* _Records for processing_:
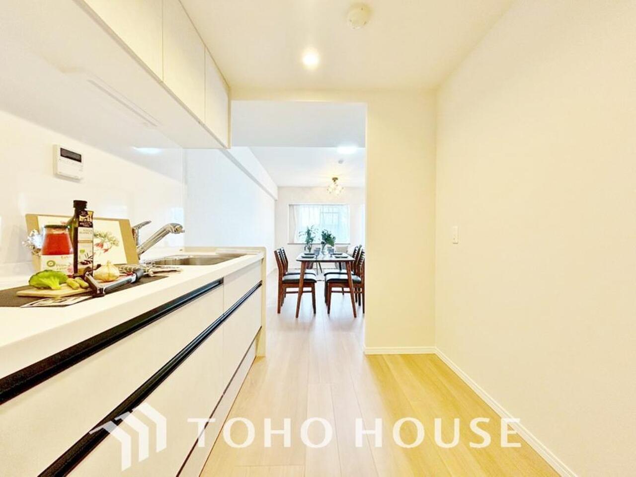 大型の冷蔵庫も配置できる広々としたキッチンスペースでお料理や家事をスムーズに進めることができます。
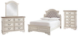 | Details | B743-45: Made of veneers, wood and engineered wood, with cast resin components, Antiqued two-tone finish, 5 smooth-gliding drawers with dovetail construction (top drawer felt lined), Dark bronze-tone hardware, B743B12: Made of veneers, wood and engineered wood, with cast resin components, Antiqued two-tone finish, 6 smooth-gliding drawers with dovetail construction, Dark bronze-tone hardware, Mirror attaches to back of dresser, Assembly required, Includes tipover restraint device, B743B14: Made of veneers, wood and engineered wood, with cast resin components, Includes upholstered headboard, footboard and rails, Distressed, chipped white finish, Upholstered headboard with foam cushion, button tufting, Assembly required, Mattress and foundation/box spring available, sold separately, Bed is compatible with an adjustable base, | |
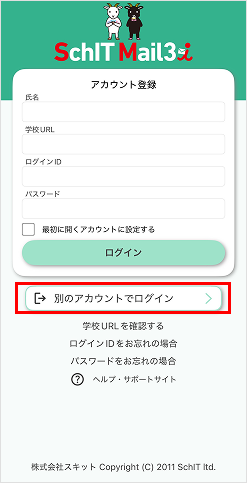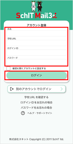 氏名・学校URL・ログインID・パスワードを入力し、[ログイン]を押下します。
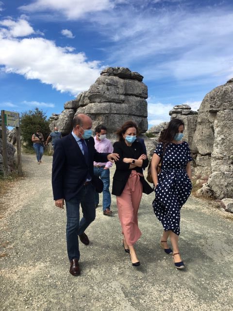 Durante una visita al Centro de Visitantes del Torcal Alto de Antequera, cuyas puertas reabrieron al público el pasado 8 de junio, la delegada del Gobierno ha explicado que se van a destinar 185.000 euros para la puesta en valor de los monumentos naturales más singulares de nuestra provincia, como es el caso de ‘el Tornillo’, esa formación geológica tan significativa en El Torcal de Antequera; y otra partida de 250.000 euros para la adaptación y mejora de los equipamientos públicos del Futuro Parque Nacional de Sierra de las Nieves, entre otras cosas.
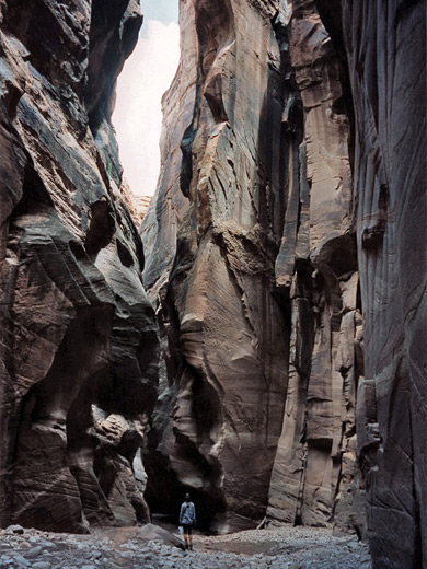 The canyon became quite dark, narrow and cave-like, with many more cold pools. Alternating warm and cool winds blew as the passage turned right and left, with only occasional glimpses of the sun. |
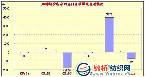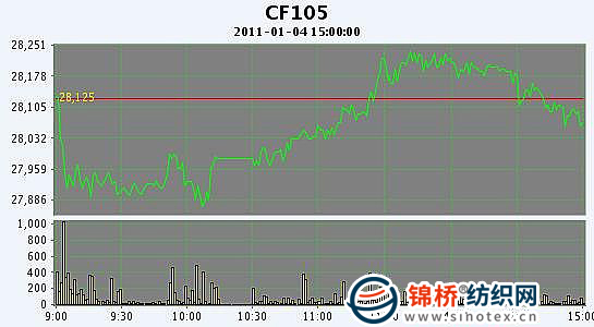 1月4日,鄭棉CF1109合約小幅低開,早盤下探后低位整理增倉,隨后在空頭回補與多頭買盤推動下走高,午后創(chuàng)日高后回落,日線形成低開陰線星,日內(nèi)成交量萎縮,持倉量增加。CF1105合約日成交18396手,日減倉1700手,終盤持倉量52144手;CF1109合約日成交728444手,日增倉3976手,終盤持倉量227588手?;久媲闆r:國內(nèi)棉花現(xiàn)貨行情繼續(xù)保持不溫不火,成交清淡,據(jù)反應(yīng)部分地區(qū)實際成交價格仍有下降。目前紗線價格開始相對穩(wěn)定,不少地區(qū)大廠今日開始提高報價。2010年最后一個交易日內(nèi),國內(nèi)兩個棉花電子盤紛紛上漲收陽,成交量均有所放大,遠月沖高明顯。
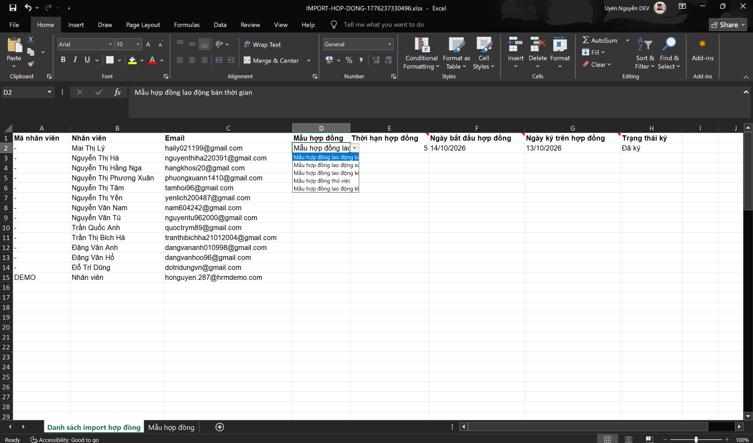 + Thời hạn hợp đồng: Để định dạng số. Ví dụ: 5 = 5 tháng đối với các loại hợp đồng xác định thời hạn.
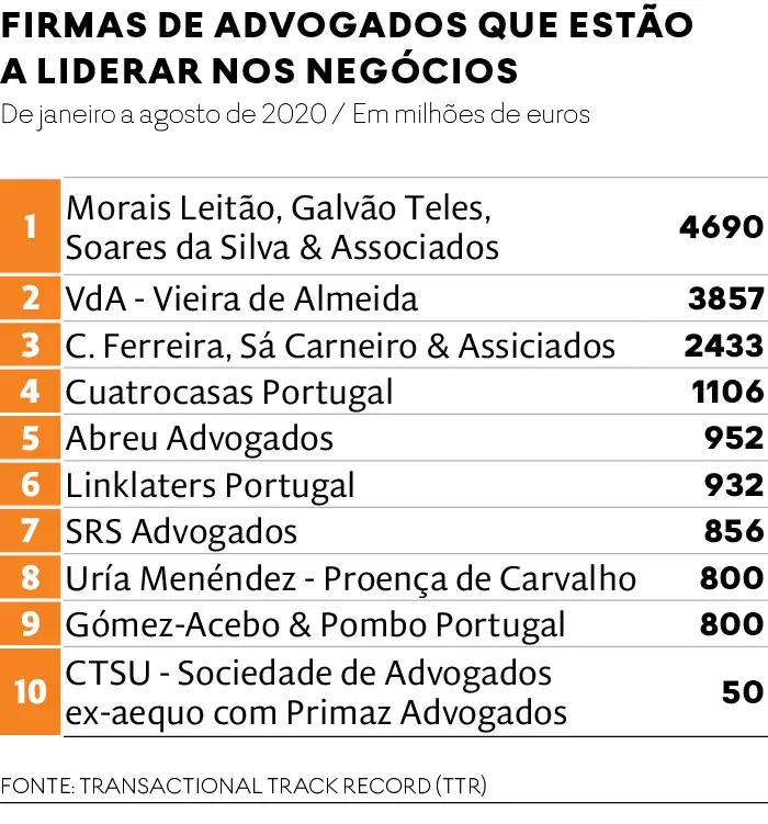 Na assessoria jurídica, a firma Morais Leitão é a mais dinâmica em termos de montante global dos negócios em que participou, num total de 4690 milhões de euros que dizem respeito a 16 operações, seguindo-se a Vieira de Almeida (VdA), com 3857 milhões de euros (nove transações) e, em terceiro, a Campos Ferreira, Sá Carneiro, com 2433 milhões de euros, gerados apenas com um único contrato. Já em 2019, o escritório Morais Leitão, liderado por Nuno Galvão Teles, havia liderado este ranking.
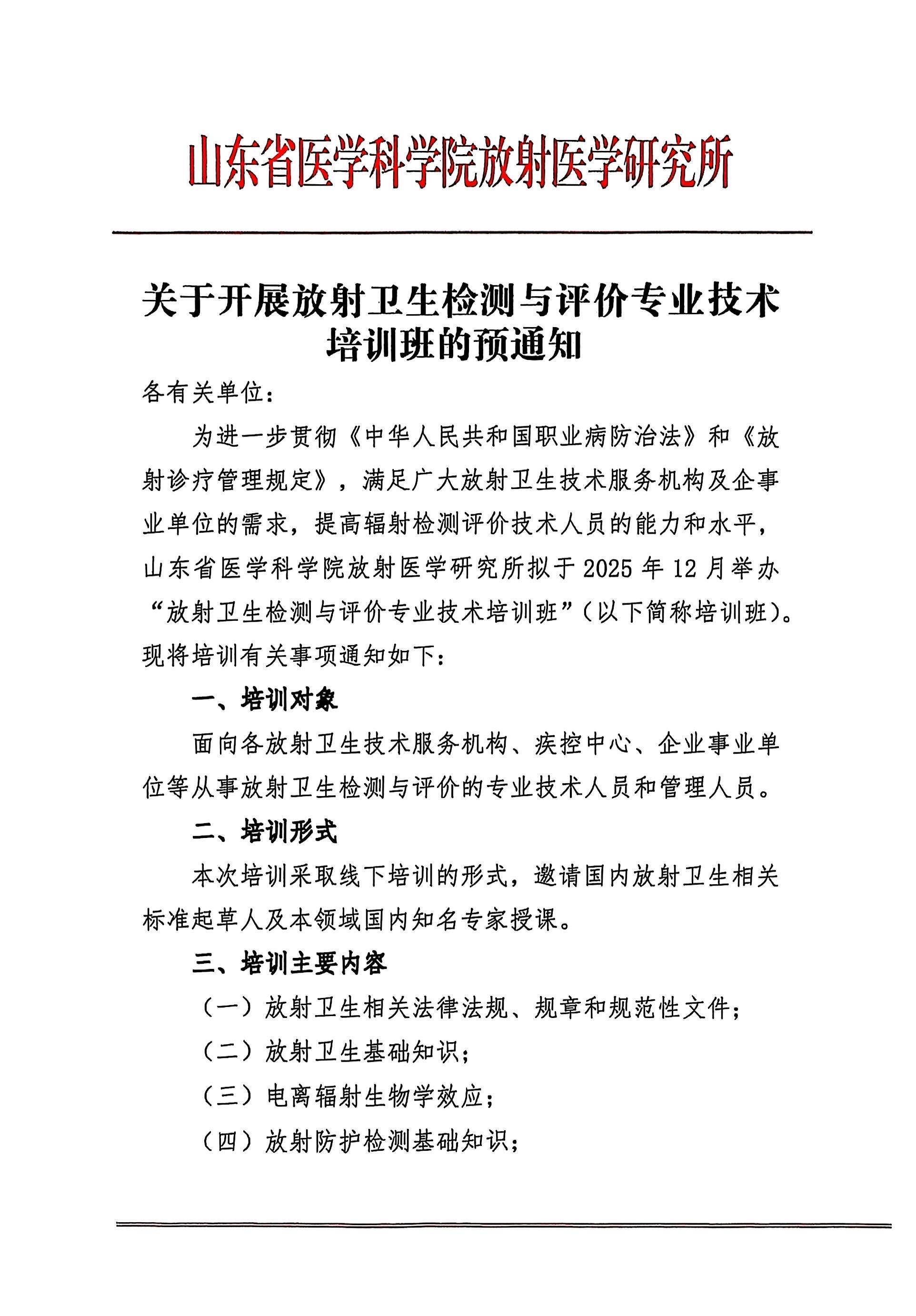 关于开展放射卫生检测与评价专业技术培训班的预通知
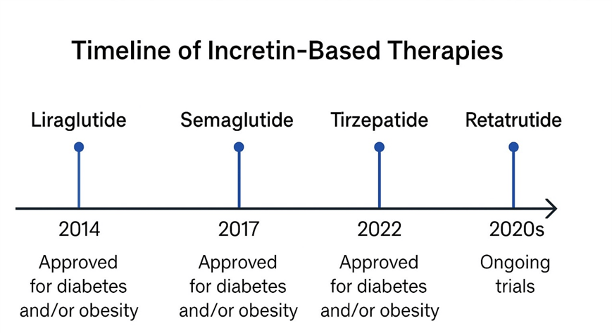 During the previous decade, the enhancement of incretin-based therapy was observed in its effectiveness and clinical use. Early advances in Liraglutide led to more effective drugs such as semaglutide and tirzepatide, the former a dual GLP-1/GIP agonist. Most recently, retatrutid, a triple agonist that works at GLP-1, GIP, and glucagon receptors, is in phase II trials, with an up to 24.2 percent weight loss after 48 weeks. This swift development of the incretin pharmacotherapy is an important innovation cycle in obesity and diabetes treatment18. Figure 2 below depicts the timeline of the development of key GLP-1-based therapeutics with the emphasis on clinical progression of the single and dual/triple receptor agonists.
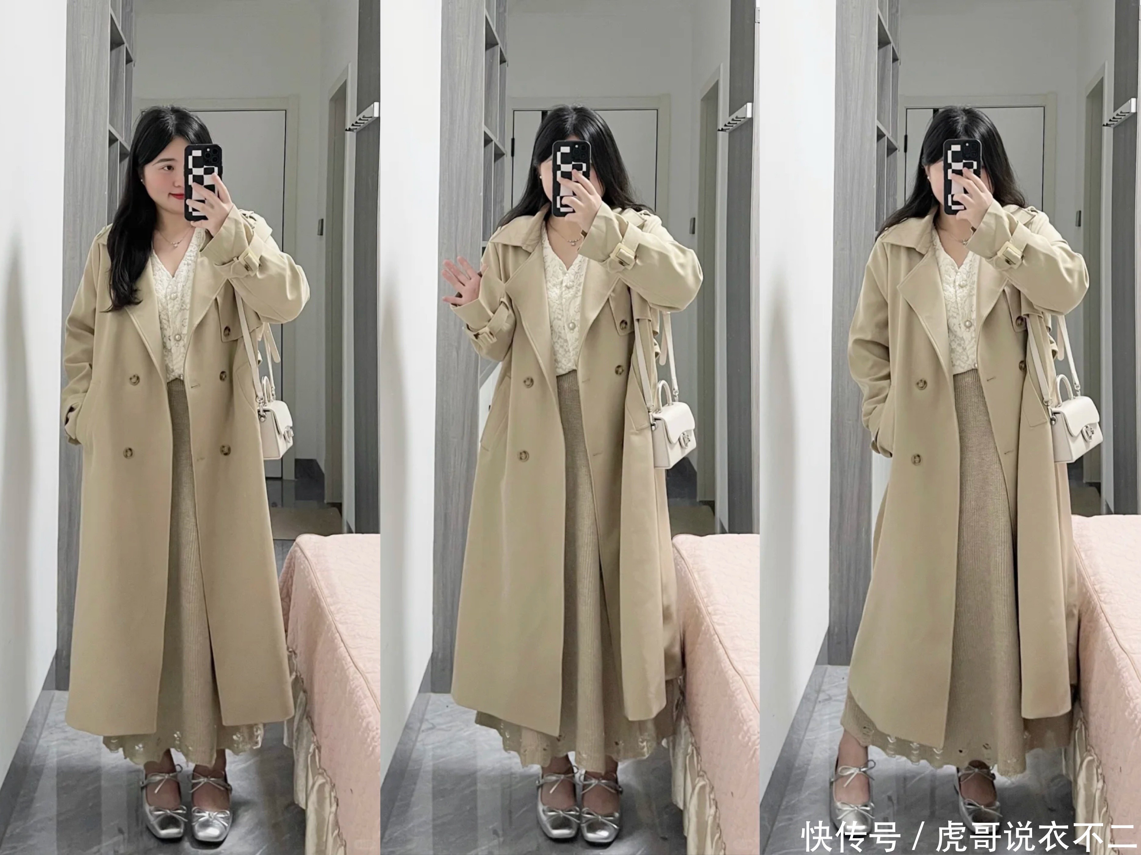 好多东说念主对微胖穿搭有个误区,觉得胖就要穿紧身,其实否则,允洽的宽松版型,遮肉显瘦的成果更好,然则切忌太过宽松的大廓形单品,恰到平允即可,比如卡其色长款大衣内搭米白色衬衫+卡其色高腰半身裙伞裙,凸起高腰线,又有很好的遮肉成果。
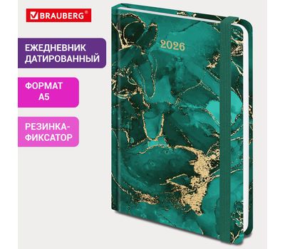 Ежедневник датированный на 2026 год BRAUBERG твердый переплет с резинкой, А5 160 листов, мрамор (145x203 мм)

* _Task item_:
Leaving the pictures aside, output each entry above exactly as written.

* _Written response_:
 大型の冷蔵庫も配置できる広々としたキッチンスペースでお料理や家事をスムーズに進めることができます。
 | Details | B743-45: Made of veneers, wood and engineered wood, with cast resin components, Antiqued two-tone finish, 5 smooth-gliding drawers with dovetail construction (top drawer felt lined), Dark bronze-tone hardware, B743B12: Made of veneers, wood and engineered wood, with cast resin components, Antiqued two-tone finish, 6 smooth-gliding drawers with dovetail construction, Dark bronze-tone hardware, Mirror attaches to back of dresser, Assembly required, Includes tipover restraint device, B743B14: Made of veneers, wood and engineered wood, with cast resin components, Includes upholstered headboard, footboard and rails, Distressed, chipped white finish, Upholstered headboard with foam cushion, button tufting, Assembly required, Mattress and foundation/box spring available, sold separately, Bed is compatible with an adjustable base, | |
 氏名・学校URL・ログインID・パスワードを入力し、[ログイン]を押下します。
 Durante una visita al Centro de Visitantes del Torcal Alto de Antequera, cuyas puertas reabrieron al público el pasado 8 de junio, la delegada del Gobierno ha explicado que se van a destinar 185.000 euros para la puesta en valor de los monumentos naturales más singulares de nuestra provincia, como es el caso de ‘el Tornillo’, esa formación geológica tan significativa en El Torcal de Antequera; y otra partida de 250.000 euros para la adaptación y mejora de los equipamientos públicos del Futuro Parque Nacional de Sierra de las Nieves, entre otras cosas.
 The canyon became quite dark, narrow and cave-like, with many more cold pools. Alternating warm and cool winds blew as the passage turned right and left, with only occasional glimpses of the sun. |
 1月4日,鄭棉CF1109合約小幅低開,早盤下探后低位整理增倉,隨后在空頭回補與多頭買盤推動下走高,午后創(chuàng)日高后回落,日線形成低開陰線星,日內(nèi)成交量萎縮,持倉量增加。CF1105合約日成交18396手,日減倉1700手,終盤持倉量52144手;CF1109合約日成交728444手,日增倉3976手,終盤持倉量227588手?;久媲闆r:國內(nèi)棉花現(xiàn)貨行情繼續(xù)保持不溫不火,成交清淡,據(jù)反應(yīng)部分地區(qū)實際成交價格仍有下降。目前紗線價格開始相對穩(wěn)定,不少地區(qū)大廠今日開始提高報價。2010年最后一個交易日內(nèi),國內(nèi)兩個棉花電子盤紛紛上漲收陽,成交量均有所放大,遠月沖高明顯。
 + Thời hạn hợp đồng: Để định dạng số. Ví dụ: 5 = 5 tháng đối với các loại hợp đồng xác định thời hạn.
 Na assessoria jurídica, a firma Morais Leitão é a mais dinâmica em termos de montante global dos negócios em que participou, num total de 4690 milhões de euros que dizem respeito a 16 operações, seguindo-se a Vieira de Almeida (VdA), com 3857 milhões de euros (nove transações) e, em terceiro, a Campos Ferreira, Sá Carneiro, com 2433 milhões de euros, gerados apenas com um único contrato. Já em 2019, o escritório Morais Leitão, liderado por Nuno Galvão Teles, havia liderado este ranking.
 关于开展放射卫生检测与评价专业技术培训班的预通知
 During the previous decade, the enhancement of incretin-based therapy was observed in its effectiveness and clinical use. Early advances in Liraglutide led to more effective drugs such as semaglutide and tirzepatide, the former a dual GLP-1/GIP agonist. Most recently, retatrutid, a triple agonist that works at GLP-1, GIP, and glucagon receptors, is in phase II trials, with an up to 24.2 percent weight loss after 48 weeks. This swift development of the incretin pharmacotherapy is an important innovation cycle in obesity and diabetes treatment18. Figure 2 below depicts the timeline of the development of key GLP-1-based therapeutics with the emphasis on clinical progression of the single and dual/triple receptor agonists.
 好多东说念主对微胖穿搭有个误区,觉得胖就要穿紧身,其实否则,允洽的宽松版型,遮肉显瘦的成果更好,然则切忌太过宽松的大廓形单品,恰到平允即可,比如卡其色长款大衣内搭米白色衬衫+卡其色高腰半身裙伞裙,凸起高腰线,又有很好的遮肉成果。
 Ежедневник датированный на 2026 год BRAUBERG твердый переплет с резинкой, А5 160 листов, мрамор (145x203 мм)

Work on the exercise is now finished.